▸ DATA EXCERPTS:
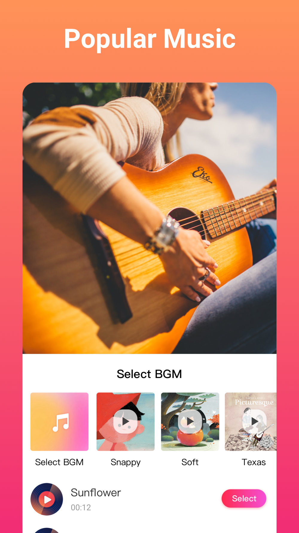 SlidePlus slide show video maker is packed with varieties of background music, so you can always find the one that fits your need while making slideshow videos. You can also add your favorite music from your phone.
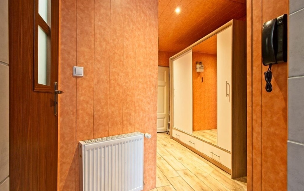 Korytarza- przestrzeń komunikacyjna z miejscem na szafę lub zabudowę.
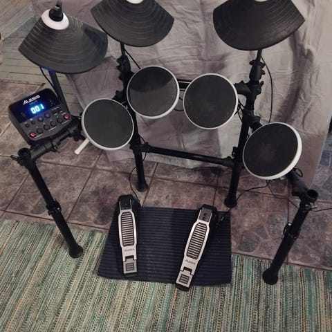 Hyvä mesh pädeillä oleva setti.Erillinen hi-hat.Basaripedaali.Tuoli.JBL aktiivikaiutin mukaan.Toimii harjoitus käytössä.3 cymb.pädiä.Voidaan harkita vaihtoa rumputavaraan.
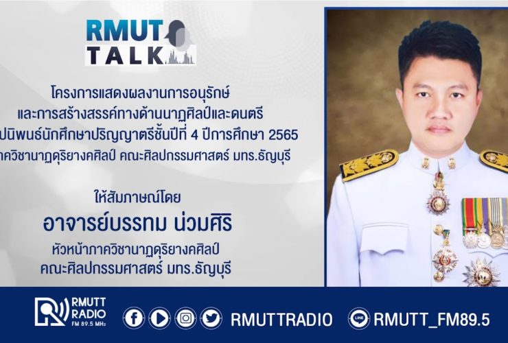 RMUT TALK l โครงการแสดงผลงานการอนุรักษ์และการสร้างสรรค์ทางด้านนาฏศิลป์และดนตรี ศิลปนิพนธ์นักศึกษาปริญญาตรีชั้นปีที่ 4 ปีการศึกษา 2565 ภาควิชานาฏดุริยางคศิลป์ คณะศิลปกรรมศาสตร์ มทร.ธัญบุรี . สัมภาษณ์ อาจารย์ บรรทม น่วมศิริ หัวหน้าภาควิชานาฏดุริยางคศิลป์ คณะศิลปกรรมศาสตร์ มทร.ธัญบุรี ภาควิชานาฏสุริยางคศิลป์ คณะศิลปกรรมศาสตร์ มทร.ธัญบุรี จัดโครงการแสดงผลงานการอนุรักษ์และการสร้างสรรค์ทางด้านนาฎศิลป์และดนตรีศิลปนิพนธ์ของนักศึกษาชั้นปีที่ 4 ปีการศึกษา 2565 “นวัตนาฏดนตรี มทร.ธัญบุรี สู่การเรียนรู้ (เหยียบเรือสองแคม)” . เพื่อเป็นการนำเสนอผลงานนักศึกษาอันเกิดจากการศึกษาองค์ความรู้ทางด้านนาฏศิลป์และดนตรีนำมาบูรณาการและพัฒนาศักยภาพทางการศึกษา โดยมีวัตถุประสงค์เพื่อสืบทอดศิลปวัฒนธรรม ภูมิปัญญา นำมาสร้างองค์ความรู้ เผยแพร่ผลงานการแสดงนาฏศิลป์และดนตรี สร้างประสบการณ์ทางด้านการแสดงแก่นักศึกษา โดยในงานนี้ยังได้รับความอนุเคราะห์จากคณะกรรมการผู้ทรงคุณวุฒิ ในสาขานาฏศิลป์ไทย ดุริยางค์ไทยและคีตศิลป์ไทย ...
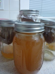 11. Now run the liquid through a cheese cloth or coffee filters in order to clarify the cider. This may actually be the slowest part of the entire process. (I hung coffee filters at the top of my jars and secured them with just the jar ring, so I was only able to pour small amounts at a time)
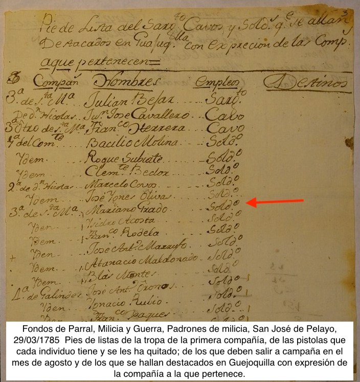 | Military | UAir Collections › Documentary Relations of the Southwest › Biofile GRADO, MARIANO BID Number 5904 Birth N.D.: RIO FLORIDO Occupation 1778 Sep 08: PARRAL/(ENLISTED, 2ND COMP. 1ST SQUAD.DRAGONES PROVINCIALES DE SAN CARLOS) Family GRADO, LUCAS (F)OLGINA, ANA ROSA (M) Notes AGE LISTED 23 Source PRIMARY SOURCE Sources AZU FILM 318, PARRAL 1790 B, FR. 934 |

▸ REQUIRED WORK: Please copy out from the data above, without any picture, exactly the lines running from the one that holds "Korytarza- przestrzeń komunikacyjna" through the one that holds "RMUT TALK l", and nothing beyond them.

▸ SOLUTION:
 Korytarza- przestrzeń komunikacyjna z miejscem na szafę lub zabudowę.
 Hyvä mesh pädeillä oleva setti.Erillinen hi-hat.Basaripedaali.Tuoli.JBL aktiivikaiutin mukaan.Toimii harjoitus käytössä.3 cymb.pädiä.Voidaan harkita vaihtoa rumputavaraan.
 RMUT TALK l โครงการแสดงผลงานการอนุรักษ์และการสร้างสรรค์ทางด้านนาฏศิลป์และดนตรี ศิลปนิพนธ์นักศึกษาปริญญาตรีชั้นปีที่ 4 ปีการศึกษา 2565 ภาควิชานาฏดุริยางคศิลป์ คณะศิลปกรรมศาสตร์ มทร.ธัญบุรี . สัมภาษณ์ อาจารย์ บรรทม น่วมศิริ หัวหน้าภาควิชานาฏดุริยางคศิลป์ คณะศิลปกรรมศาสตร์ มทร.ธัญบุรี ภาควิชานาฏสุริยางคศิลป์ คณะศิลปกรรมศาสตร์ มทร.ธัญบุรี จัดโครงการแสดงผลงานการอนุรักษ์และการสร้างสรรค์ทางด้านนาฎศิลป์และดนตรีศิลปนิพนธ์ของนักศึกษาชั้นปีที่ 4 ปีการศึกษา 2565 “นวัตนาฏดนตรี มทร.ธัญบุรี สู่การเรียนรู้ (เหยียบเรือสองแคม)” . เพื่อเป็นการนำเสนอผลงานนักศึกษาอันเกิดจากการศึกษาองค์ความรู้ทางด้านนาฏศิลป์และดนตรีนำมาบูรณาการและพัฒนาศักยภาพทางการศึกษา โดยมีวัตถุประสงค์เพื่อสืบทอดศิลปวัฒนธรรม ภูมิปัญญา นำมาสร้างองค์ความรู้ เผยแพร่ผลงานการแสดงนาฏศิลป์และดนตรี สร้างประสบการณ์ทางด้านการแสดงแก่นักศึกษา โดยในงานนี้ยังได้รับความอนุเคราะห์จากคณะกรรมการผู้ทรงคุณวุฒิ ในสาขานาฏศิลป์ไทย ดุริยางค์ไทยและคีตศิลป์ไทย ...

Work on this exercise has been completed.